An Unofficial Pytorch Implementation of MVSNet

MVSNet: Depth Inference for Unstructured Multi-view Stereo. Yao Yao, Zixin Luo, Shiwei Li, Tian Fang, Long Quan. ECCV 2018. MVSNet is a deep learning architecture for depth map inference from unstructured multi-view images.
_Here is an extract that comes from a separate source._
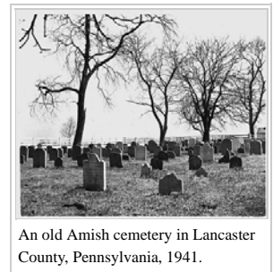
An old Amish cemetery in Lancaster County, Pennsylvania, 1941.

This is an unofficial Pytorch implementation of MVSNet

How to Use

Environment

  • python 3.6 (Anaconda)
  • pytorch 1.0.1

Training

  • Download the preprocessed DTU training data (Fixed training cameras, from Original MVSNet), and upzip it as the MVS_TRANING folder
  • in train.sh, set MVS_TRAINING as your training data path
  • create a logdir called checkpoints
  • Train MVSNet: ./train.sh

Testing

  • Download the preprocessed test data DTU testing data (from Original MVSNet) and unzip it as the DTU_TESTING folder, which should contain one cams folder, one images folder and one pair.txt file.
  • in test.sh, set DTU_TESTING as your testing data path and CKPT_FILE as your checkpoint file. You can also download my pretrained model.
  • Test MVSNet: ./test.sh

Fusion

in eval.py, I implemented a simple version of depth map fusion. Welcome contributions to improve the code.

Results on DTU

Acc. Comp. Overall.
MVSNet(D=256) 0.396 0.527 0.462
PyTorch-MVSNet(D=192) 0.4492 0.3796 0.4144

Due to the memory limit, we only train the model with D=192, the fusion code is also different from the original repo.